Stemnitsa (Στεμνίτσα) is a mountain village in the municipal unit of Trikolonoi, Arcadia, Peloponnese, Greece. It was the seat of the former municipality Trikolonoi. Stemnitsa is a traditional settlement and is considered one of the most beautiful villages in Arcadia, due to its picturesque location and its historical churches and mansions. It is situated at the western edge of the Mainalo mountains, above the left bank of the river Lousios, at about 1050 m elevation. Stemnitsa is 6 km southeast of Dimitsana, 9 km northeast of Karytaina, 18 km northwest of Megalopoli and 26 km west of Tripoli.

==History and myths==
Stemnitsa has been identified with the ancient Arcadian city Hypsous (Υψούς). It was already ruined in the 2nd century AD, when it was visited by Pausanias. It was near Thyraion (present Pavlia), Zoetia and Paroria. Hypsous was founded by a son of Lycaon.

In the 7th and 8th century Slavs settled in the Peloponnese. The name Stemnitsa has Slavic roots and means "woodland". After the fall of Constantinople in 1453 the Peloponnese was occupied by the Ottoman Empire. Due to its remote location Stemnitsa served as a relatively safe haven from the Ottomans, and it became a centre of Greek culture and religion. Many old churches from this period have been preserved.
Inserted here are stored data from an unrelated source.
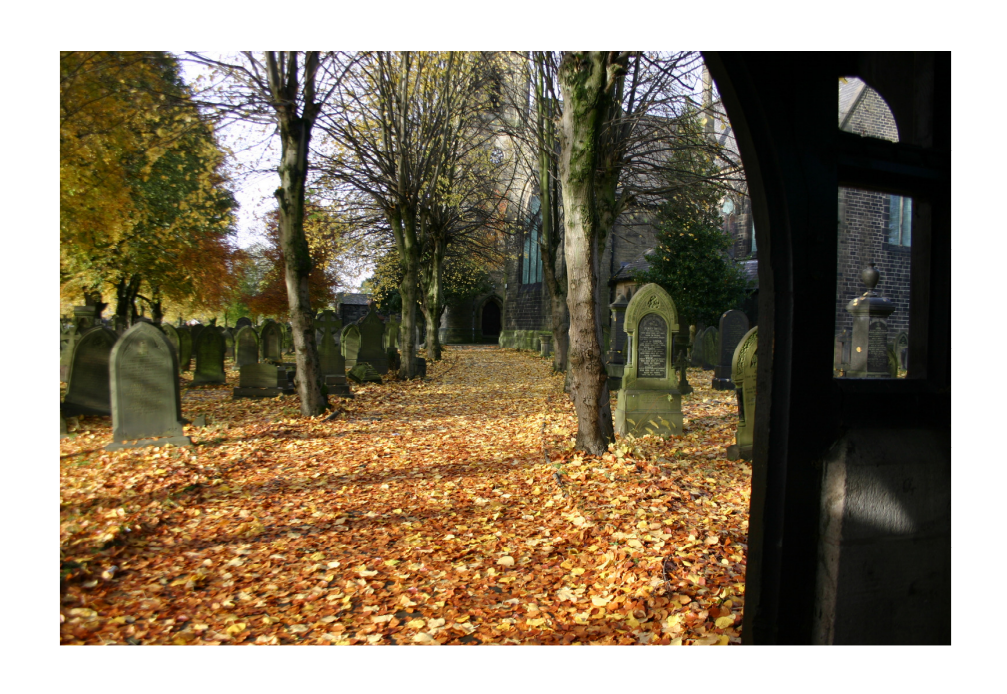
. Season of mists and mellow fruitfulness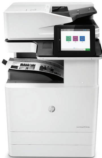
HP LaserJet Managed MFP E82540dn

Businesses that stay ahead don't slow down. It's why HP built the next generation of HP LaserJet MFPs—to power productivity with a streamlined design that delivers premium quality, maximum uptime, and the strongest security. 1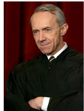
David Souter Associate Supreme Court Justice Philosophy Major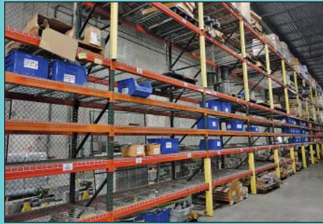
(63) Sections – 42" D X 96" W X 16' High Adjustable Beam Pallet Racking w/ Decking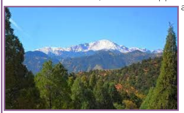
Pikes Peak; 14,111 feet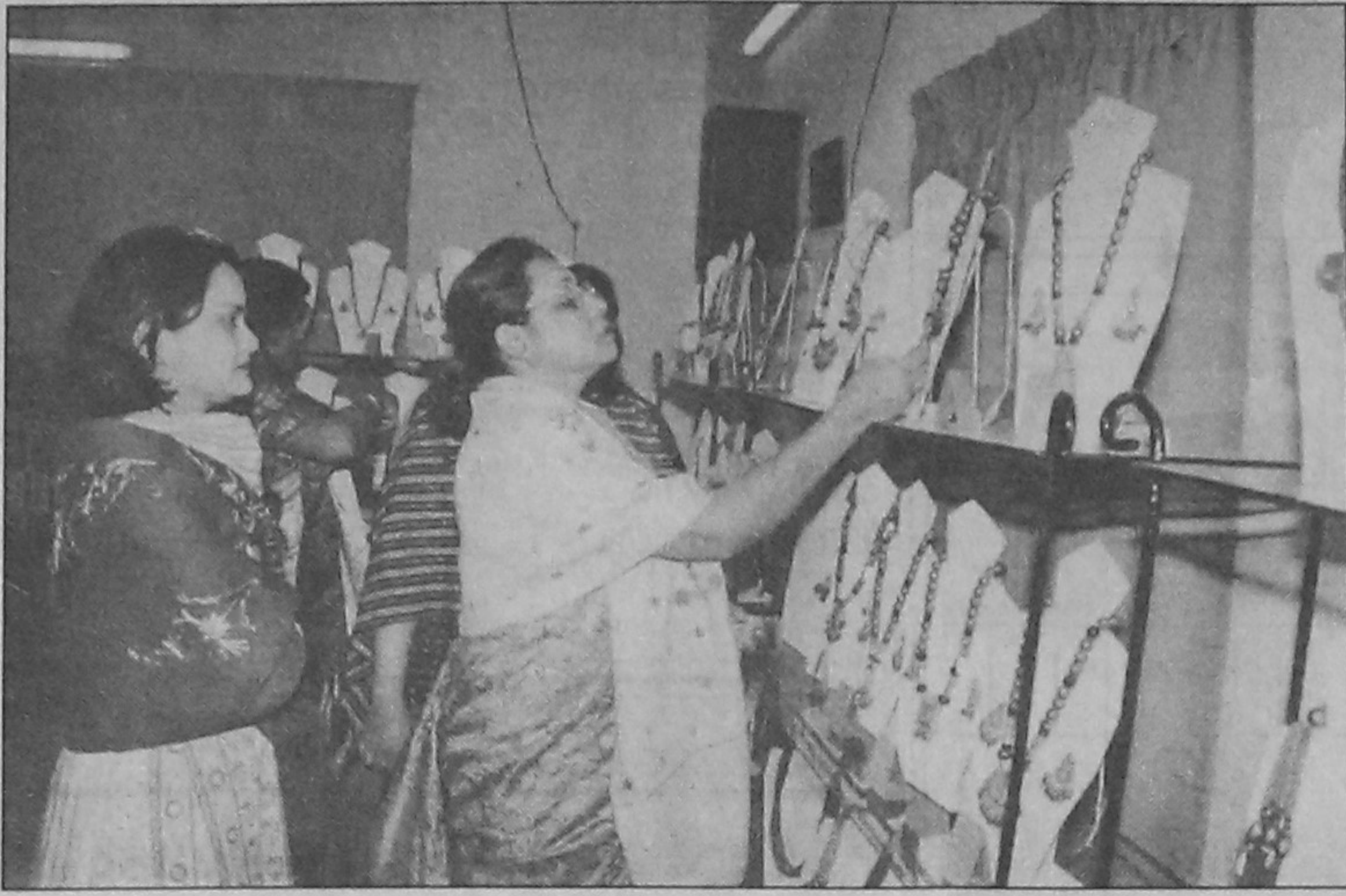
Women crowd at the exhibition, taking a closer look at the beautiful creations.

The pieces on show at the exhibition included single strand pieces, shatleheris, and multiple

The church of Bafero was built in 1185 and the Zoodochos in 1433. The two larger churches are Ai-Giorgis and Agia Paraskevi. The first mention, some say, of the word Stemnitsa, was found in Ottoman taxation documents dated 1512-1515 where the number of families appeared to be about 120. This information was published by professor John Alexandropoulos. In the Grimani Venetian Census report Stemnitsa was shown as the most populous village in Gortynia with 925 people.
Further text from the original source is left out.